Exercise
After locating the line with "The Sump Filter" below, output it and each following line exactly, stopping after the line with "Roll out modeling". No pictures.

Task input

+++

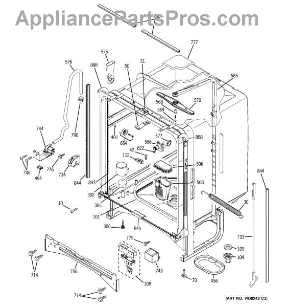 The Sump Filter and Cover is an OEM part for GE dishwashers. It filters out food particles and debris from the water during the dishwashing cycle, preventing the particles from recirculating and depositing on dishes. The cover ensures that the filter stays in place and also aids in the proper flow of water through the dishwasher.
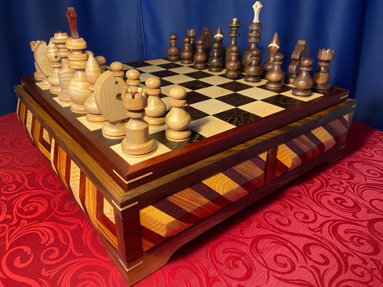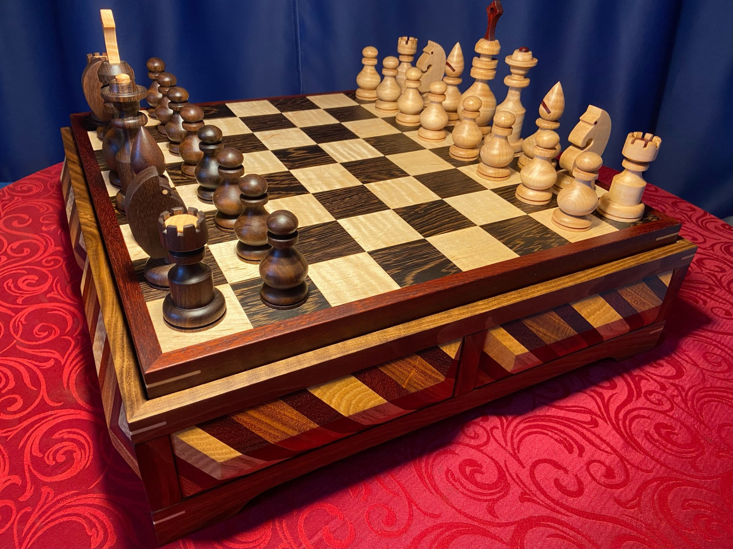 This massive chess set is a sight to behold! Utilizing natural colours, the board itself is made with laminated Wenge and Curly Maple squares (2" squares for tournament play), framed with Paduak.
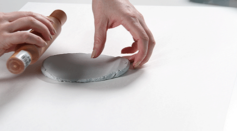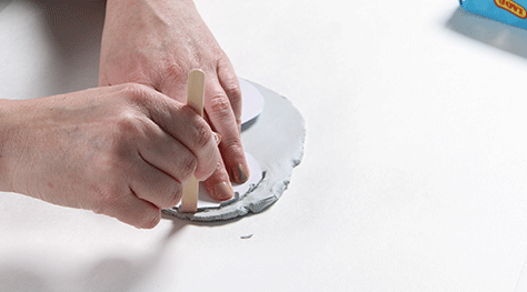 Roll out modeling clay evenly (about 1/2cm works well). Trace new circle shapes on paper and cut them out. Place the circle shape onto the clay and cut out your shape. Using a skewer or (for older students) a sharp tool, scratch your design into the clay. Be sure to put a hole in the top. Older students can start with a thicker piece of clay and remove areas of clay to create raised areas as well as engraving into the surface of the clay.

+++

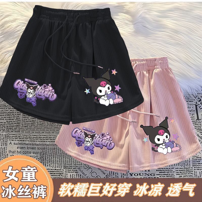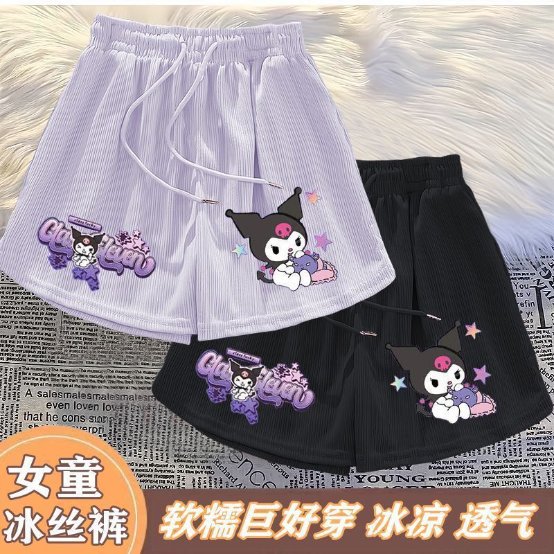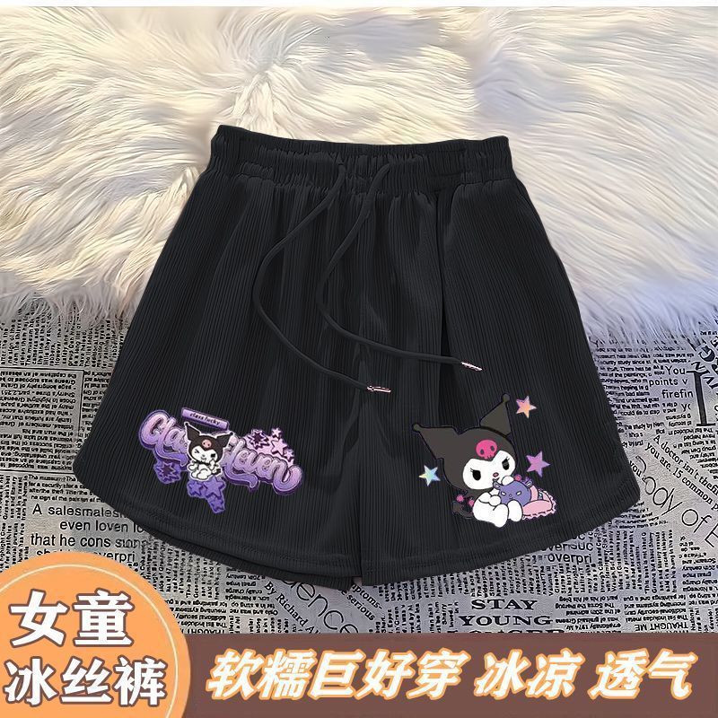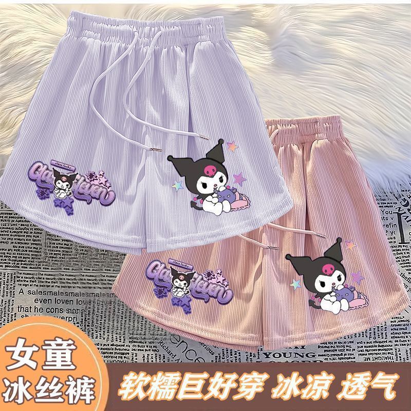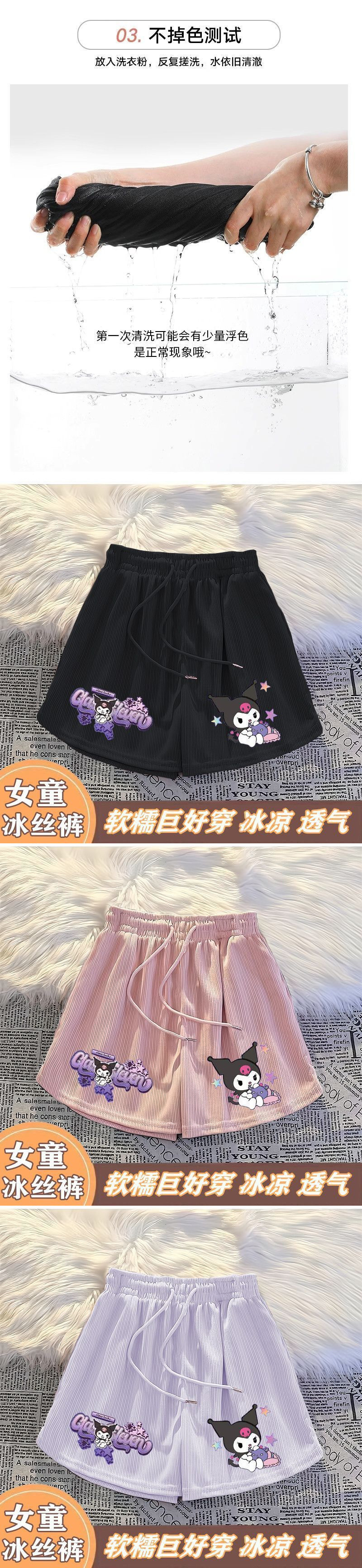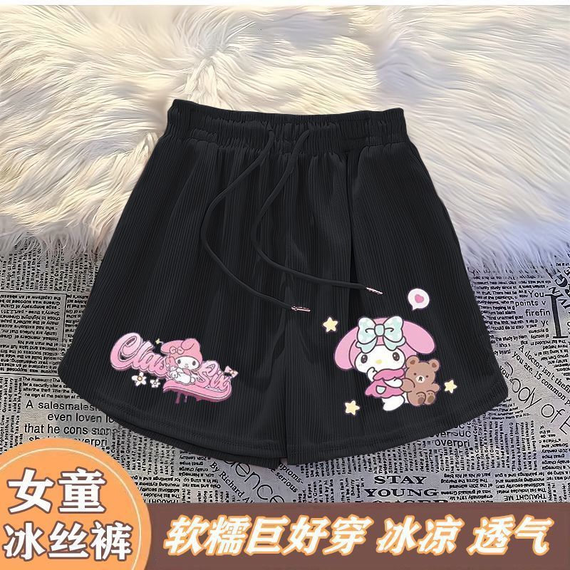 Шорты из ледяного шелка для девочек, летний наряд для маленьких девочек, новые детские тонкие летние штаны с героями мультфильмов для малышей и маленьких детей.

+++

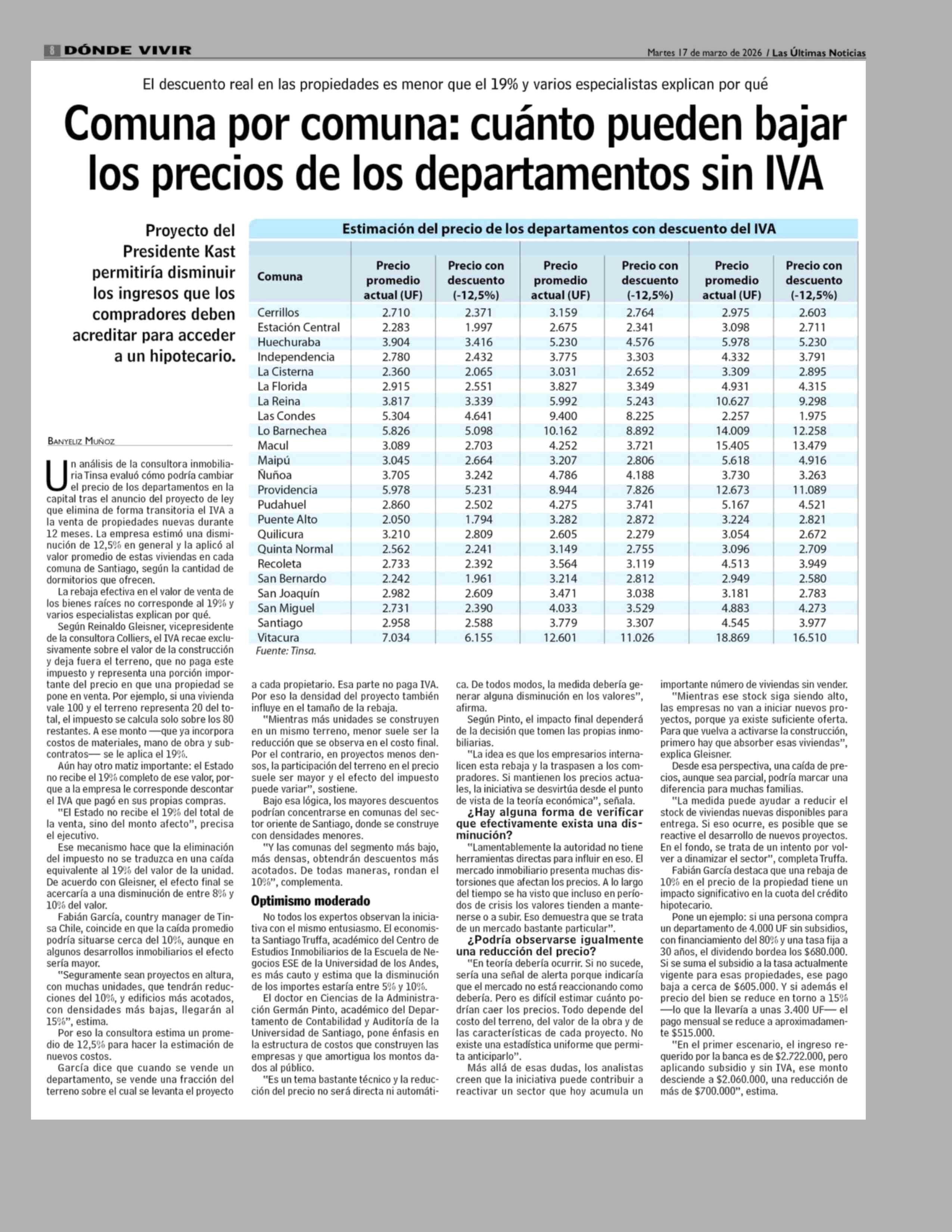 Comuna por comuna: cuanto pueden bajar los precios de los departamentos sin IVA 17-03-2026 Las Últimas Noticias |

+++

Answer to this exercise
 The Sump Filter and Cover is an OEM part for GE dishwashers. It filters out food particles and debris from the water during the dishwashing cycle, preventing the particles from recirculating and depositing on dishes. The cover ensures that the filter stays in place and also aids in the proper flow of water through the dishwasher.
 This massive chess set is a sight to behold! Utilizing natural colours, the board itself is made with laminated Wenge and Curly Maple squares (2" squares for tournament play), framed with Paduak.
 Roll out modeling clay evenly (about 1/2cm works well). Trace new circle shapes on paper and cut them out. Place the circle shape onto the clay and cut out your shape. Using a skewer or (for older students) a sharp tool, scratch your design into the clay. Be sure to put a hole in the top. Older students can start with a thicker piece of clay and remove areas of clay to create raised areas as well as engraving into the surface of the clay.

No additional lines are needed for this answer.